▶ _ACTIVITY_: From the line that contains "A couple of" through the line that contains "- 시장 전체의 흐름보다는, 개별 코인의 구조와 특성에 집중", output every line of the listing below exactly and leave out all the rest.

▶ _AVAILABLE DATA_:
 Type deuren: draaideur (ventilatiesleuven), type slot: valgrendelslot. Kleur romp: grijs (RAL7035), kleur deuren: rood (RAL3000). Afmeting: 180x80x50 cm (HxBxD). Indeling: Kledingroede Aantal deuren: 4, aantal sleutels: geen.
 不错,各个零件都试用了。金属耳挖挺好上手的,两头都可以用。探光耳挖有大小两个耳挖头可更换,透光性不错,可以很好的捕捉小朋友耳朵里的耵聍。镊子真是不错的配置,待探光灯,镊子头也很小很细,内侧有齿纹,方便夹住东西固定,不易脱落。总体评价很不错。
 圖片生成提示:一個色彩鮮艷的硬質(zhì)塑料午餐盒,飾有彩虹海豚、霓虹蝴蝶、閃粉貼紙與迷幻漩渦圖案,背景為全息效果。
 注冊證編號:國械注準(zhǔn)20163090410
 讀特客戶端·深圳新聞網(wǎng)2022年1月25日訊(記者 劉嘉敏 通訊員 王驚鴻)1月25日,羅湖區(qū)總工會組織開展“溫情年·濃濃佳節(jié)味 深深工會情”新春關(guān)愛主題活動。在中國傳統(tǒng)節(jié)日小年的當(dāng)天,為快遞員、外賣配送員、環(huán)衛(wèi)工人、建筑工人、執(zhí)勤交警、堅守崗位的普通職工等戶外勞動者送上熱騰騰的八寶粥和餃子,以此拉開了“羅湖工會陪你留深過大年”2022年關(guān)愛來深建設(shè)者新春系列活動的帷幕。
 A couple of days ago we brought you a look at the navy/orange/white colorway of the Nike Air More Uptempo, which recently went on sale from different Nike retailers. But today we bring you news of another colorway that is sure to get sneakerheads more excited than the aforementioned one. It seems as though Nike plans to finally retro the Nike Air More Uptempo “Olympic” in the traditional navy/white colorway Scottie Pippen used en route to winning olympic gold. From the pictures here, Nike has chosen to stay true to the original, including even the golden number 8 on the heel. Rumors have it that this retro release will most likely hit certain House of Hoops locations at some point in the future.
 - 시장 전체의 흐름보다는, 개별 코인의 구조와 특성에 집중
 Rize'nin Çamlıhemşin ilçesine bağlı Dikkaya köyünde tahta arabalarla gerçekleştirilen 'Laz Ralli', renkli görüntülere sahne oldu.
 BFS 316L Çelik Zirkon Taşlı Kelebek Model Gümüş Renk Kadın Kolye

▶ _SOLUTION TO THIS EXERCISE_:
 A couple of days ago we brought you a look at the navy/orange/white colorway of the Nike Air More Uptempo, which recently went on sale from different Nike retailers. But today we bring you news of another colorway that is sure to get sneakerheads more excited than the aforementioned one. It seems as though Nike plans to finally retro the Nike Air More Uptempo “Olympic” in the traditional navy/white colorway Scottie Pippen used en route to winning olympic gold. From the pictures here, Nike has chosen to stay true to the original, including even the golden number 8 on the heel. Rumors have it that this retro release will most likely hit certain House of Hoops locations at some point in the future.
 - 시장 전체의 흐름보다는, 개별 코인의 구조와 특성에 집중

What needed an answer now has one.